The al-Fatah school has become an important local center of the national “Transgender Care” program, an initiative of the Indonesian Family Planning Association to give vocational training, ID cards, and social services to waria across Indonesia.

“There are also services related to education, like starting a ‘trans school’ for waria adolescents, and programs for elderly waria like mobile clinics and food aid,” Ibu Shinta told VOA. “Complete, right? We pray that it works out.”

On its last anniversary, the school organized a free health clinic with a local doctor that was attended by 76 people.

The Transgender Care program currently operates in eight provinces, and Ibu Shinta said an effort to “map” all its participants and services across Indonesia is an eventual goal.

Ibu Shinta (in green) and other waria gather for evening prayers at the Al-Fatah school in Yogyakarta. (K. Varagur/VOA)
Ibu Shinta (in green) and other waria gather for evening prayers at the Al-Fatah school in Yogyakarta. (K. Varagur/VOA)

Study group

Al-Fatah’s main scholastic activity is a weekly study group that meets on Sunday evenings, where waria can pray together, discuss Islamic theology, and practice reading the Quran in Arabic.

On a recent Sunday, there were six waria present, including Ibu Shinta; she said there are about 42 members in total, but the weekly attendance fluctuates between seven and 25. A local university student helped Yuni Shara al-Buchory read some Quran verses. When the evening call to prayer sounded, they filed into the reception room to pray. Ibu Shinta and Yuni Shara put on satin mukenas, women’s prayer dresses, and the others came as they were.

“I felt lost for the four months the school was closed, without a place to study religion,” said Yuni Shara. “I would go into town to hang out, work, buy snacks, and eventually I would wonder: there is something missing, but what?” During that time it was like, she said, her life was incomplete.
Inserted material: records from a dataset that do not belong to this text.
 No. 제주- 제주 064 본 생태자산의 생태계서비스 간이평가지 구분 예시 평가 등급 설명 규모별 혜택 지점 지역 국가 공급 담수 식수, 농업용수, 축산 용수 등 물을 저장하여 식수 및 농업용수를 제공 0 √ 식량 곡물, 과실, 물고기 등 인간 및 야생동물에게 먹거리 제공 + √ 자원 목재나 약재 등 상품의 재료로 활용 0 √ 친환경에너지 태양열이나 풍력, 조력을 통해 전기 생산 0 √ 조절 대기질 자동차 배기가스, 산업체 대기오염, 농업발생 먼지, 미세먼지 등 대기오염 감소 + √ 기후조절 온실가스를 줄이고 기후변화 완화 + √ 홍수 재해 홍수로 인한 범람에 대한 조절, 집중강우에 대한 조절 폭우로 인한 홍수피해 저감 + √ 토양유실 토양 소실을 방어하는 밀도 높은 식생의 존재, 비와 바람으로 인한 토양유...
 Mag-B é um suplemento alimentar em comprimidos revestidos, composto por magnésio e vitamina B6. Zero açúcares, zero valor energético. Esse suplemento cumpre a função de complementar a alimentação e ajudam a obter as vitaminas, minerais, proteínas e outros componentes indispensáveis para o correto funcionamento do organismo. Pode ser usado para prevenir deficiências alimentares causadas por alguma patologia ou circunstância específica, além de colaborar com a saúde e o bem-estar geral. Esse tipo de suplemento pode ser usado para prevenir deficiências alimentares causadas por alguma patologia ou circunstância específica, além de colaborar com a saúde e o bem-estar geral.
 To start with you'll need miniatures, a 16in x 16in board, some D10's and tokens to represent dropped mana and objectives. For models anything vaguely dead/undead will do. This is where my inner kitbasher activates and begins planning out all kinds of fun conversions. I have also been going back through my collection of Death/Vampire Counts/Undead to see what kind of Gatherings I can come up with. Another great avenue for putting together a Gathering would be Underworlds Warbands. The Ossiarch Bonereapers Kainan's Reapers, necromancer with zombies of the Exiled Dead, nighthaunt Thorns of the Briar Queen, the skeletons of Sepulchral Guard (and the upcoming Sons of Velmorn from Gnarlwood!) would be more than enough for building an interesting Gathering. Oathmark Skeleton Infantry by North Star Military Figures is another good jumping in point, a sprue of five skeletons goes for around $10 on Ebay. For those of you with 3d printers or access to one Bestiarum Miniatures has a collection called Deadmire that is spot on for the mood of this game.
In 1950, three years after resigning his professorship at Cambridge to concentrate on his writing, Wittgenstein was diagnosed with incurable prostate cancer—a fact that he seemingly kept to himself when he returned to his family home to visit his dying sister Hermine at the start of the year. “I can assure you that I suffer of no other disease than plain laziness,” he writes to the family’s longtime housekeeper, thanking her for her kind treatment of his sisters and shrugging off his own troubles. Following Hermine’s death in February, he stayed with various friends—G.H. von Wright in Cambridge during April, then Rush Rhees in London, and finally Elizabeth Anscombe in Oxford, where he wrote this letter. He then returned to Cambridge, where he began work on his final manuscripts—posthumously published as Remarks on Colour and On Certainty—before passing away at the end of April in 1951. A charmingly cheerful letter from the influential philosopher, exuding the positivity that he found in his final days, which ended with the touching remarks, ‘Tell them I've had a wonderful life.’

But it would be wrong to paint al-Fatah as merely a place for quiet study; after all, its students aren’t teenagers like in an ordinary pesantren, but working adults. The remaining six days a week, and even after hours on Sundays, it’s a community hub for Yogyakarta waria. They watch movies, cook and eat together, and swap gossip on each other’s clients.

It’s a deep well of normalcy for a group that occupies an increasingly uncertain societal space. Granted, in Yogyakarta, that space is safer than elsewhere in Indonesia — even the region’s sultan called on the community to respect the waria at the height of last year’s anti-gay hysteria.

Optimistic outlook

Today, Ibu Shinta is “not at all concerned” about local Islamists. She is focused on building up warias’ social safety net as well as her own school. Al-Fatah does not fundraise, but Ibu Shinta does ask researchers and students to donate about $15 when they visit.

There is rising community goodwill again, with Ibu Shinta pointing out that last year her school received one goat as a donation on Eid al-Adha (the holy annual “Sacrifice Feast” when animals are ceremonially slaughtered and shared, and this year they received two.

“Waria and other trans women constructions or phenomena have been around for a very long time,” said Dede Oetomo, a prominent LGBT rights activist based in East Java. “Most Indonesians know about them, and have at least tolerated them if not accepted them fully, especially if they are not in their own families.”

“We are survivors,” said Ibu Shinta. “When there were attacks on and discrimination against us, it made us want to fight.”